Assignee: law → gagan
Actually, I just went back and re-opened Bug 39241.  It is a reliable crasher
with a testcase.  The bug "went away", without an explicit fix, so I marked it
WORKSFORME.  We need to get stack traces to determine where this is crashing, so
we can sort out what is causing the problem.
nsbeta2 radar
Keywords: nsbeta2
Putting on [nsbeta2+] radar for beta2 fix. 
Whiteboard: [nsbeta2+]
Bug 33808 is one of the similar bugs.
After talking to mscott, I think this bug is best resolved in the URI loader 
area. However for now I am adding a call in nsIHTTPChannel to allow doing the 
conversion inside of HTTP. 

law: after I finish adding that youd need to QI the channel to nsIHTTPChannel 
and then set doConversion to false, before you start reading anything off of it. 
Status: NEW → ASSIGNED
*** Bug 33808 has been marked as a duplicate of this bug. ***
I just finished implementing this. The correct call is 
SetApplyConversion(PR_FALSE). After I check it in tonight I will reassign this 
back to you law. 
Adding mostfreq as a mostfreq bug was marked a dupe of this one.

Gerv
Keywords: mostfreq
I would like to vote to YES decompress data if a viewer (external) for the 
decompressed version is defined. Or at least ask the user.

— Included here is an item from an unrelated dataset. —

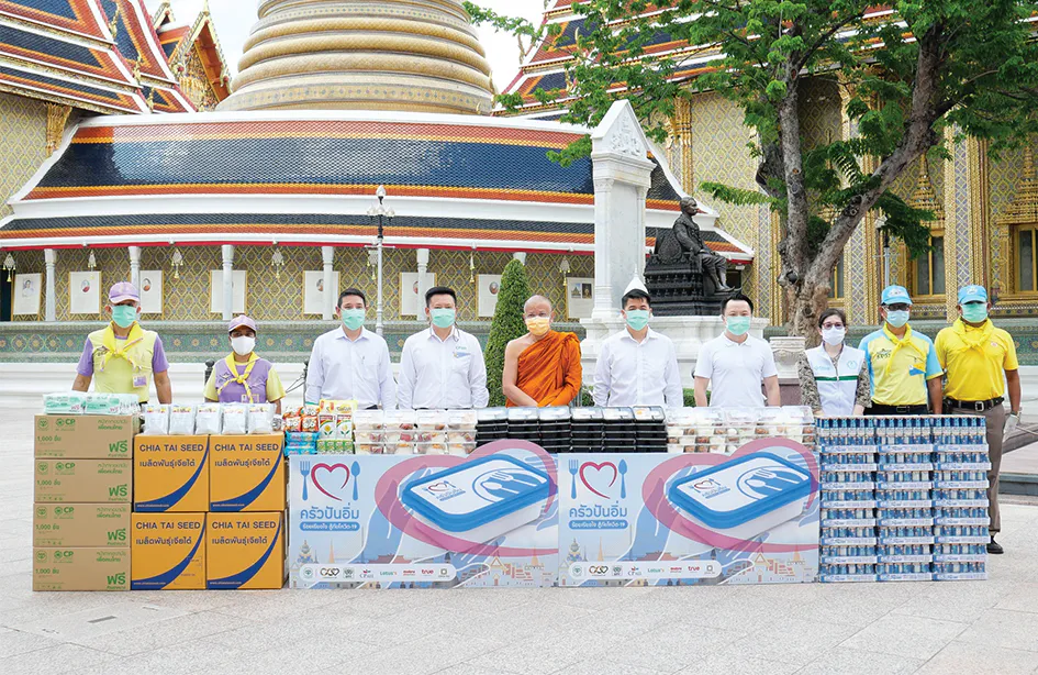 พร้อมกันนี้ คณะผู้บริหารเครือเจริญโภคภัณฑ์ ได้ถวายข้าวกล่องจำนวน 15,000 กล่อง และหน้ากากอนามัยซีพี 50,000 ชิ้น แด่สมเด็จพระมหาวีรวงศ์ เพื่อกระจายสู่ครัวเรือนในบริเวณใกล้เคียงตามเป้าประสงค์ของโครงการครัวปันอิ่ม ร้อยเรียงใจ สู้ภัยโควิด-19 ที่มุ่งบรรเทาความเดือดร้อนให้กับชุมชนและประชาชนที่ได้รับผลกระทบจากโควิด-19 ให้ก้าวผ่านช่วงวิกฤตนี้ไปด้วยกัน

I make use of this feature of netscape 4 all the time. Compressing all my files 
and letting netscape do the right thing when I view them - it decompresses them 
and then opens their defined viewer.

If it's a save as, then it should not decompress.

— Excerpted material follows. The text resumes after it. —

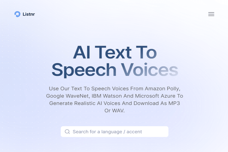 Listnr ļauj izveidot balss pārraides ar vairāk nekā 1000 balsīm vairāk nekā 100 valodās un akcentiem, tostarp jūsu balss klonēšanu. Tā AI balsis nāk no Amazon Polly, Google Wavenet, IBM Watson un Microsoft Azure, nodrošinot cilvēkiem līdzīgas un reālistiskas balsis. Izmantojot savu video studiju, šis AI balss pārraides ģenerators bez maksas ļauj to viegli integrēt dažādās platformās, piemēram, YouTube, TikTok, Invideo, Veed utt.

So, if it askes, save it, or view it: if I pick save, it's saved unchanged, if I 
pick view then it's decompressed before the viewer gets it.

I guess some people would want the viewer to get the compressed data - perhaps a 
configuration in the viewer definition?
I don't think anyone is arguing to not un-gzip stuff if we're going to view it.
Since the gzip code has to be in mozilla for HTTP compression, mine as well
support viewing normal .gz files. Rewording summary.
Summary: file extension not changed when gzipped (.gz) files expanded on download → File extension not changed but gzipped files expanded when saving
checked in. law take it away...
Assignee: gagan → law
Status: ASSIGNED → NEW
I've got this patch; Gagan is reviewing...

Index: nsStreamTransfer.cpp
===================================================================
RCS file: /cvsroot/mozilla/xpfe/components/xfer/src/nsStreamTransfer.cpp,v
retrieving revision 1.19
diff -u -r1.19 nsStreamTransfer.cpp
--- nsStreamTransfer.cpp        2000/06/09 00:49:40     1.19
+++ nsStreamTransfer.cpp        2000/06/24 00:57:53
@@ -131,6 +131,13 @@
          NS_SUCCEEDED( outputFile->IsValid( &isValid ) )
          &&
          isValid ) {
+        // Try to get HTTP channel.
+        nsCOMPtr<nsIHTTPChannel> httpChannel = do_QueryInterface( aChannel );
+        if ( httpChannel ) {
+            // Turn off content encoding conversions.
+            httpChannel->SetApplyConversion( PR_FALSE );
+        }
+
         // Construct stream transfer operation to be given to dialog.
         nsStreamXferOp *p= new nsStreamXferOp( aChannel, outputFile );
Status: NEW → ASSIGNED
Fix checked in.
Status: ASSIGNED → RESOLVED
Closed: 24 years ago
Resolution: --- → FIXED
verified:
Linux 2000062808
Status: RESOLVED → VERIFIED
I'm seeing this bug again.  Both with the URL above and other tar.gz files.

WinNT buildID 2000081504
Status: VERIFIED → REOPENED
Resolution: FIXED → ---
This has regressed as of at least Linux 2000-08-16-05.  When downloading the
give URL, the file is expanded but name is not changed.  Also reported on WinNT
-> all/all.  No crash this time, changing severity to normal.
Severity: critical → normal
Keywords: regression
OS: Linux → All
*** Bug 49279 has been marked as a duplicate of this bug. ***
*** Bug 49279 has been marked as a duplicate of this bug. ***
nav triage team: [nsbeta3+]
regression
Whiteboard: [nsbeta2+] → [nsbeta2+][nsbeta3+]
Marking P1.
Priority: P3 → P1
Setting to [nsbeta2-] since that is outta here.  [nsbeta3+] is already 
indicated.
Whiteboard: [nsbeta2+][nsbeta3+] → [nsbeta2-][nsbeta3+]
There is an extremely important detail that, if provided, would greatly help me
to figure out the source of the problem:

When this fails, is it after seeing the (newer) "Downloading" (aka "super helper
app") dialog?  If yes, does it behave the same way if you right-click on the
link and choose "Save link as...?"

My theory is that the answers to those two questions are "yes" and "no."  This
would be caused by the fact that the SetApplyConversion( PR_FALSE )
 never happens when you go through that other dialog.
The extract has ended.